How Can We Help Children Solve Problems
Children need to learn how to solve their problems themselves. In fact, resolving problems is one of the most important skills for the future of our children. So, if we help them with the task of improving, we will be doing them a great favor. Do not wait until they reach adolescence. A child should begin to confront their problems in preschool.
By interceding for our children and trying to solve most of their problems we are raising dependent, weak and irresponsible children. This overprotection is clearly evident in everyday tasks such as how to do homework or managing conflicts they have with their peers.
However, the problem is many parents do not know this process of problem solving very well. They resolve it as they can or know and that’s it, without really knowing the process they are using or cannot explicitly describe it. It’s not bad, it simply means that they have been assimilated to the process but do not know who to explain it.
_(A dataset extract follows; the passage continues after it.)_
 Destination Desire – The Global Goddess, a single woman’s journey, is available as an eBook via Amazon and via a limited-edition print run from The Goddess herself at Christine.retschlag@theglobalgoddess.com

Why children need to solve their own problems
Children face many problems every day. Problems ranging from academic difficulties, problems with peers, problems in their games and sports, difficulty completing a task or even trouble deciding what outfit is best suited for a particular occasion.
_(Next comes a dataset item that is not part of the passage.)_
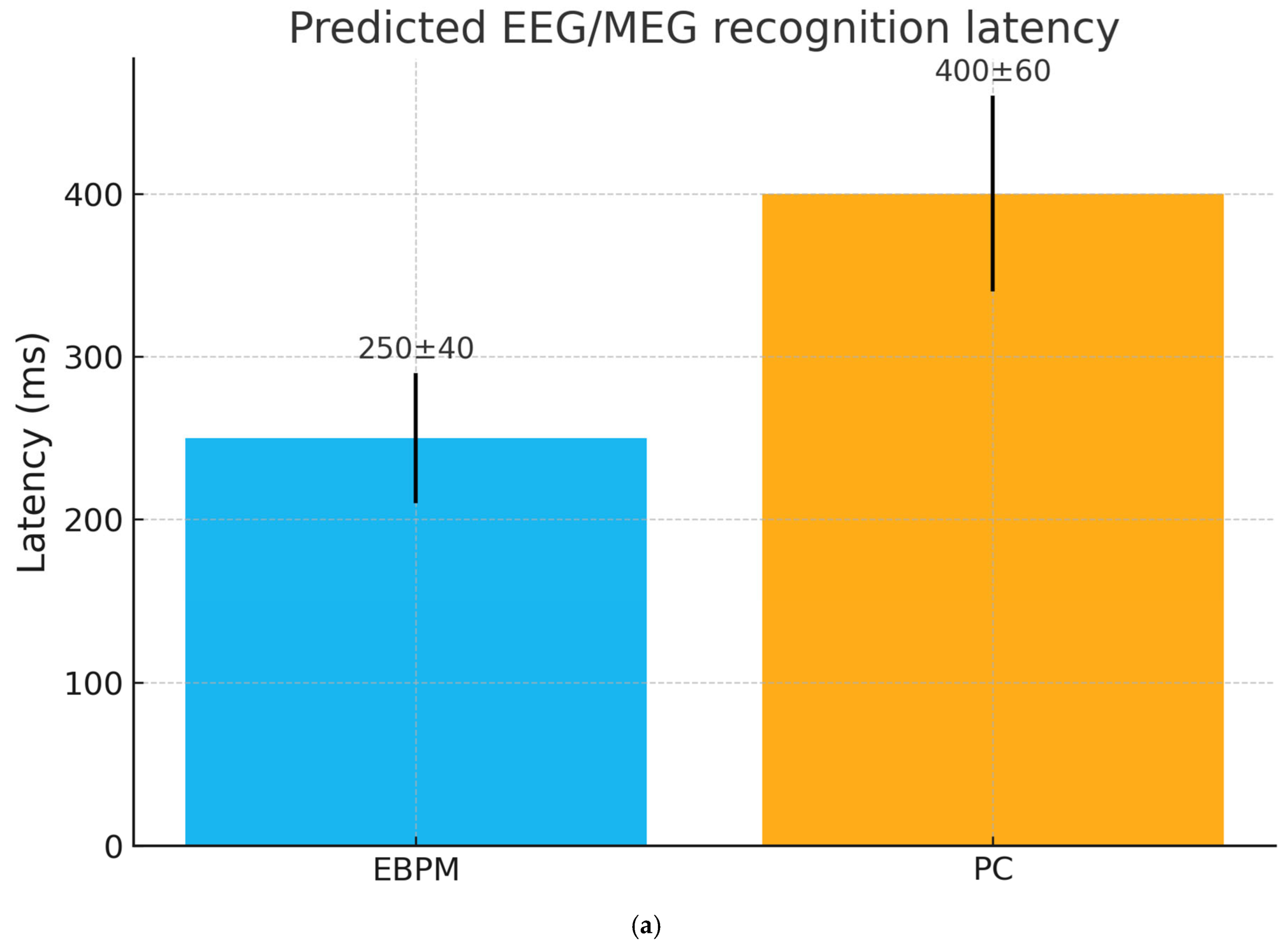 - H1 (EEG/MEG latency): EBPM-dominant trials (familiar stimuli) yield shorter recognition latencies (≈200–300 ms) compared to PC-dominant trials (≈350–450 ms). We base the ≈200–300 ms range on recent EEG evidence indicating that recognition memory signals emerge from around 200 ms post-stimulus across diverse stimulus types [29].

When a child solves a problem, incidentally they are improving their self-esteem and the confidence they have in themselves. Something that will undoubtedly make them more independent and confident.
On the other hand, when a child does not have the skills to solve a problem and somehow feels inferior to it, he puts a process of avoidance into place. For example, if a child is being teased by his peers and is not sure how to answer, instead of facing the situation, he will say he does not like school, will study less or complain of health problems to avoid exposing himself to the situation.
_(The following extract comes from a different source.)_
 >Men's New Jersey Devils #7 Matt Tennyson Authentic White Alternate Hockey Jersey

Other children who lack problem-solving skills will react impulsively, without thinking, by doing something someone tells them not to do or through violence.
Helping children learn seek and find the best options does not mean doing the process for them, but accompanying them through it.
How to teach children to assess their problems
Children have to start by identifying that they have a problem. Sometimes they are not aware of it or have not dared to verbalize it. The child has to recognize that they have a problem. As Ludwig Wittgenstein said, if a problem can arise, it can also be solved. He was probably talking about matters of transcendental philosophy, but the approach is equally true for the problems of everyday life.
Once children identify the problem, they can begin to generate solutions before opting for one. One way they love to do this, and that adults use also, is by brainstorming. This consists of saying or writing down all the solutions we can think of, as crazy they may seem. This way of thinking is fantastic, since it is precisely those crazy ideas that, later through a process of reflection, can give us a really good solution.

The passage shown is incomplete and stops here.